Gawde highlighted that the company has provided more than 450 box culverts, constructed with a mixture containing 10% recycled concrete aggregates, for major infrastructure developments. Additionally, the unit’s solid blocks and pavers have been key to the construction of the Mumbai Metro 2A and 7 lines.

In this case, the Cocoon was constructed using a concrete mix that includes up to 20% recycled concrete aggregates sourced from concrete debris recycled at the Godrej & Boyce facility in Vikhroli, Mumbai.

The Godrej Group and India’s Rising Status

The history of the Godrej Group dates back to 1897 with the sale of locks to address India’s rising crime at that time. Since then, it has evolved to become a US$4.1 billion conglomerate involved in real estate, consumer products, industrial engineering, appliances, furniture, security and agricultural products.

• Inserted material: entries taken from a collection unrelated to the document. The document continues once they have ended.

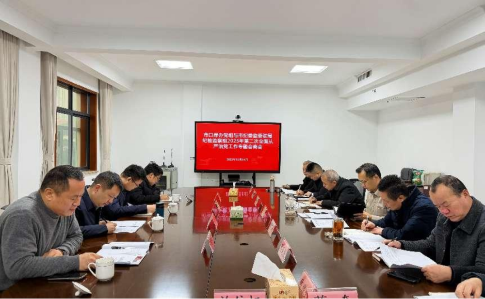 12月24日,市口岸办党组与市纪委监委驻局纪检监察组召开2025年第二次全面从严治党工作专题会商会,市纪委监委第十三纪检监察室副主任王毅到会指导,市口岸办党组书记吴波主持会议,市纪委监委驻市财政局纪检监察组以及市口岸办领导班子成员、机关科室和二级机构负责人参加会议。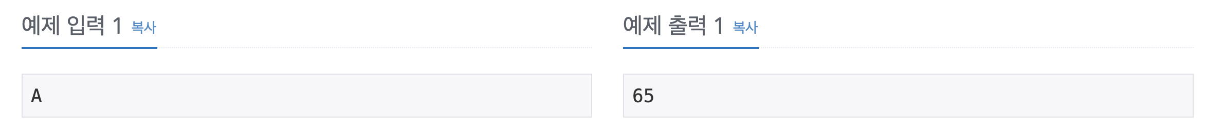 이 문제 덕분에 다른 문제에서 아스키 코드를 요구할 때 간단하게 풀 수 있을 것 같다.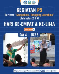 Sebagai penutup, pada hari Jumat (14/02/2025), diadakan bakti sosial dimana hasil penjualan sampah yang telah dikumpulkan disumbangkan kepada murid yang membutuhkan. Acara kemudian ditutup dengan penampilan hiburan dari ekstrakurikuler band SMKN 4 Jember, menciptakan suasana penuh kebersamaan dan semangat kepedulian lingkungan.(@JurnalistikSmepa) – GuLa & Ivy’z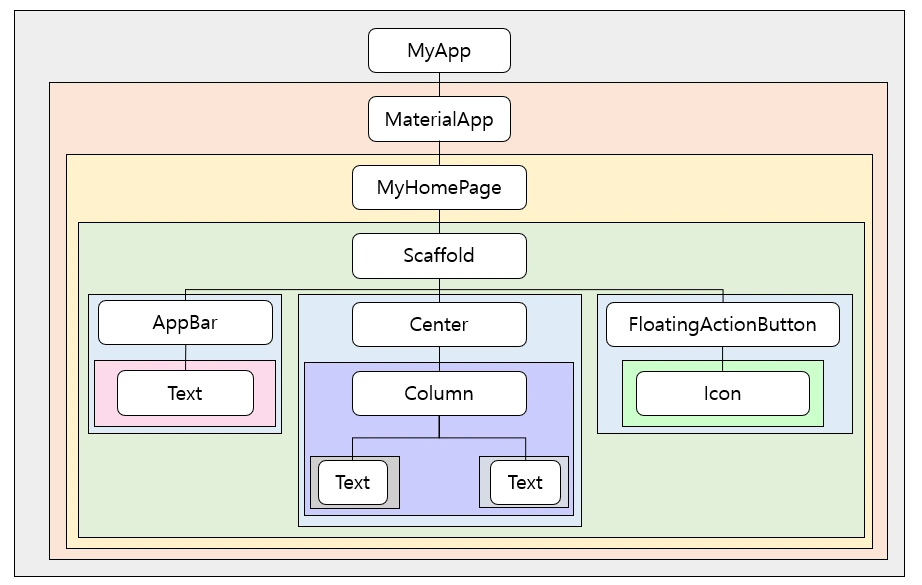 각 네모 박스가 모두 위젯이다. StatelessWidget인 MyApp도 위젯이고 StatefulWidget인 MyHomePage도 위젯이다. MyHomePage에서 생성된 State 객체인 _MyHomePageState에서 UI를 구성하는 모든 요소가 위젯이다.

The Godrej family now boasts $16.7 billion, making it one of the richest in India.

Just as AC has immense potential in developed nations, particularly the U.S., as they attempt to update infrastructure alongside sustainability initiatives, developing countries may be able to more quickly grow theirs in accordance with economic expansion. This is especially true for India, which is on track to becoming one of the world’s most powerful countries.

A bus shelter 3D printing by Godrej Construction and Tvasta.

From being the 11th largest economy in the world in the early 2000s, India became the 5th largest by 2019, overtaking the United Kingdom and France. In terms of AM, the country’s “Make in India” strategy seeks to carve out a five percent stake in the global AM market, with the aim of contributing nearly US$ 1 billion to India’s GDP by 2025. In turn, we’ve seen both established Indian conglomerates, such as ArcelorMittal, and 3D printing startups aim to tap this market.

Godrej Construction has been exploring AC for over two years with Indian construction 3D printing startup, Tvasta, making bus shelters and security pavilions that were erected at the Vikhroli campus. Given the importance of the group in India’s economy and the use of Godrej Construction in existing infrastructure projects, it wouldn’t be surprising for the business to deploy AC for future endeavors.